Sejumlah petani lokal mengangkut hasil panen kelapa sawit kedalam truk untuk dibawa ke pabrik di Kawasan perkebunan Batang Serangan Kabupaten Langkat, Sumatera Utara, Sabtu (5/9). Sejumlah petani mengaku harga tandan buah segar (TBS) kelapa sawit anjlok dari Rp1.500 kg menjadi sekitar Rp600 dan Rp500 kg akibat dampak krisis ekonomi global. ANTARA FOTO/Septianda Perdana/pd/15

Jakarta – Komisi Pemberantasan Korupsi (KPK) menemukan bahwa pengelolaan komoditas kelapa sawit rawan korupsi. Pasalnya, mekanisme perizinan, pengawasan, dan pengendalian yang lemah membuat sektor ini rawan korupsi.

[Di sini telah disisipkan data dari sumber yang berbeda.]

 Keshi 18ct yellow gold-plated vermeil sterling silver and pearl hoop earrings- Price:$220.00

Korupsi dalam proses per­izinan perkebunan sawit sering melibatkan kepala daerah. Seperti yang sudah ditangani oleh KPK, yakni Bupati Buol Amran Batalipu dan Gubernur Riau Rusli Zainal.

Juru Bicara KPK Febri Diansyah mengatakan, dalam kajian tahun 2016, KPK menemukan hingga saat ini belum ada desain tata kelo­la usaha perkebunan dan industri kelapa sawit yang terintegrasi dari hulu ke hilir. Kondisi ini tak memenuhi prinsip keberlanjutan pembangunan. “Sehingga, rawan terhadap persoalan tata kelola yang berpotensi adanya praktek tindak pidana korupsi,” ujar Febri, Senin (24/4).

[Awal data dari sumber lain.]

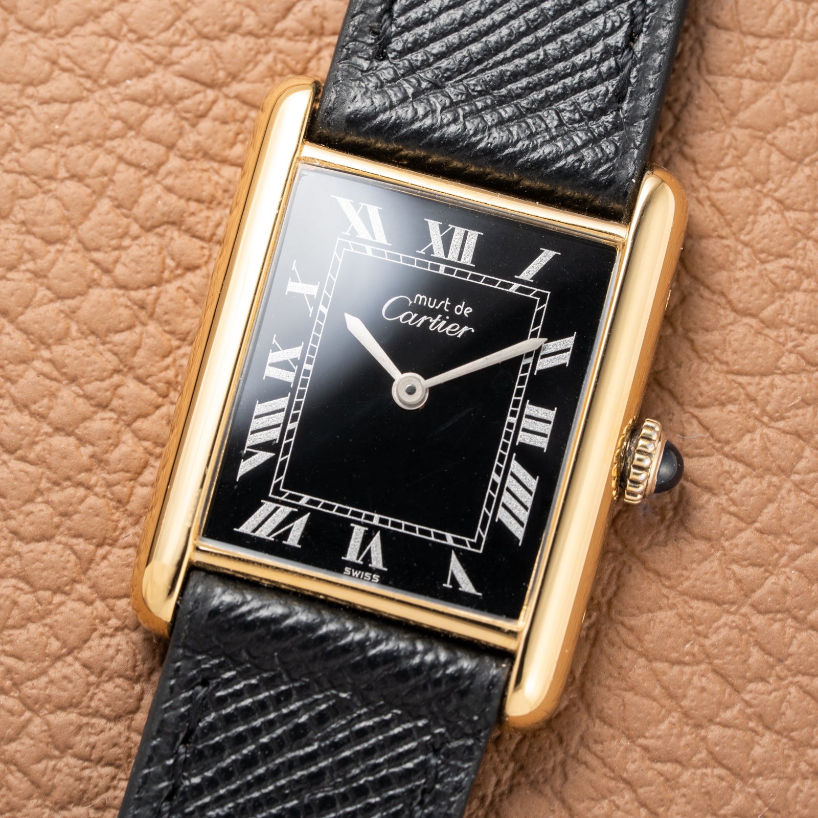 Cartier Tank Must de Black Roman Vermeil GM 1980s

Ia menjelaskan, dari sisi hulu, sistem pengendalian da­lam perizinan perkebunan ke­­la­pa sawit belum akuntabel un­tuk memastikan kepatuhan pelaku usaha. Hal ini ditandai dengan tidak adanya mekanisme perencanaan perizinan berbasis tata ruang. Integrasi perizinan dalam skema satu peta juga belum tersedia.

Selain itu, kementerian dan lembaga terkait belum ber­ko­ordinasi dalam penerbitan per­izinan. Akibatnya, masih terjadi tumpang tindih izin seluas 4,69 juta hektare (ha).

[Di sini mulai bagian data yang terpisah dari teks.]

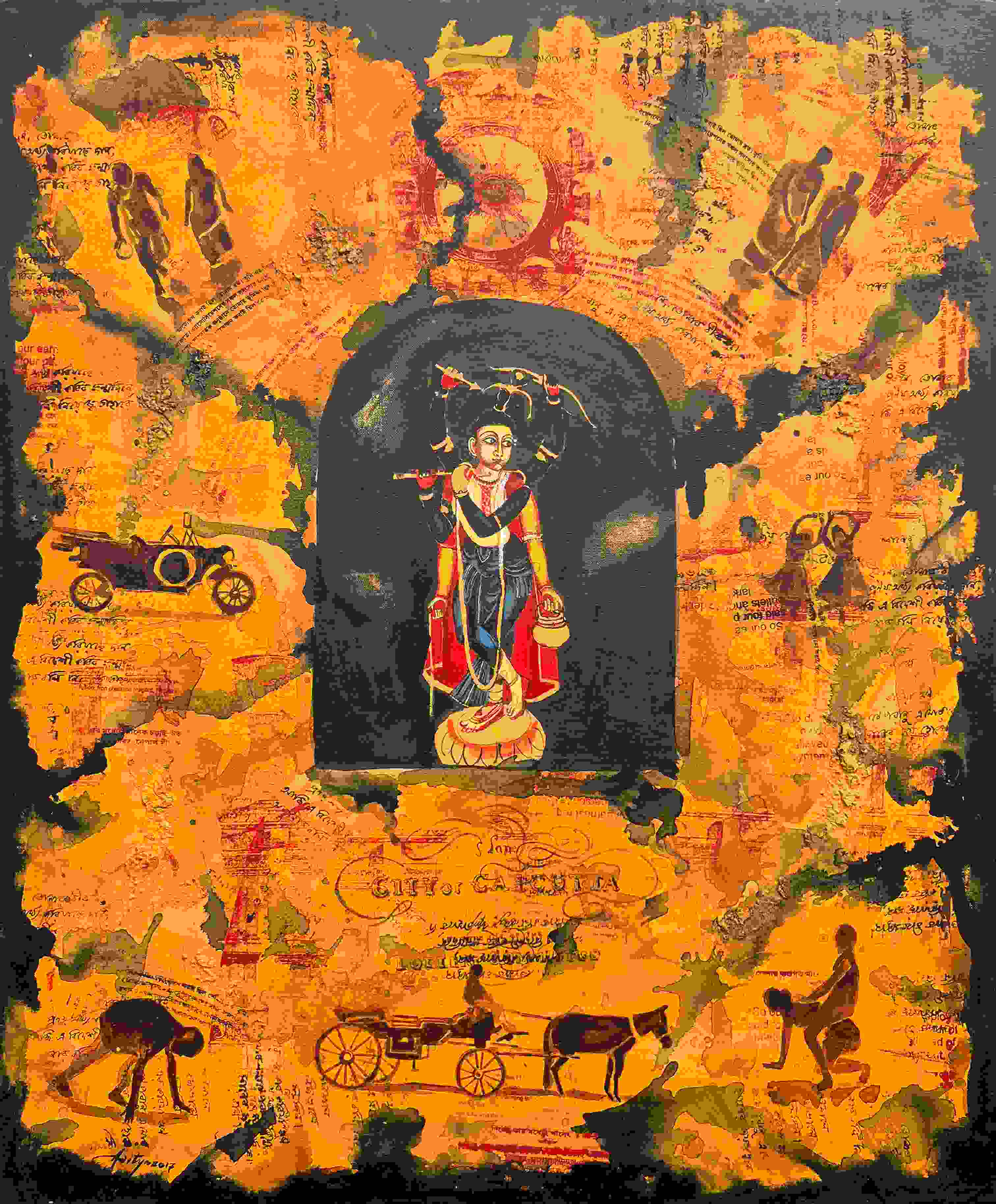 This painting by Aditya Basak blends traditional iconography with layered historical textures.

Menurut Febri, di hilir, pe­ngendalian pungutan ekspor kelapa sawit belum efektif ka­rena sistem verifikasi belum berjalan baik. Penggunaan dana kelapa sawit, habis untuk subsidi biofuel. Parahnya, subsidi ini salah sasaran dengan tiga grup usaha perkebunan mendapatkan 81,7% dari Rp 3,25 triliun alokasi dananya.

Padahal seharusnya peng­gunaan dana terbagi untuk pe­nanaman kembali, peningkatan sumber daya manusia, peningka­tan sarana dan prasarana, promosi dan advokasi, dan riset. Tak hanya itu, pungutan pajak sektor kelapa sawit tak optimal dilakukan oleh Direktorat Jenderal Pajak.

Tak efektifnya pengendalian pungutan ekspor ini meng­aki­batkan ada kurang bayar pu­ngutan sebesar Rp 2,1 miliar dan lebih bayar Rp 10,5 miliar. Tingkat kepatuhan pajak baik perorangan maupun badan juga mengalami penurunan. Se­jak tahun 2011-2015, wajib pajak badan dan perorangan kepatuhannya menurun masing-masing sebanyak 24,3% dan 36%.

Dari hasil kajian ini, KPK merekomendasikan Kementerian Pertanian dan kementerian/lem­baga terkait harus menyusun rencana aksi perbaikan sistem pengelolaan komoditas kelapa sawit. KPK akan melakukan pe­mantauan dan evaluasi atas implementasi rencana aksi ter­sebut.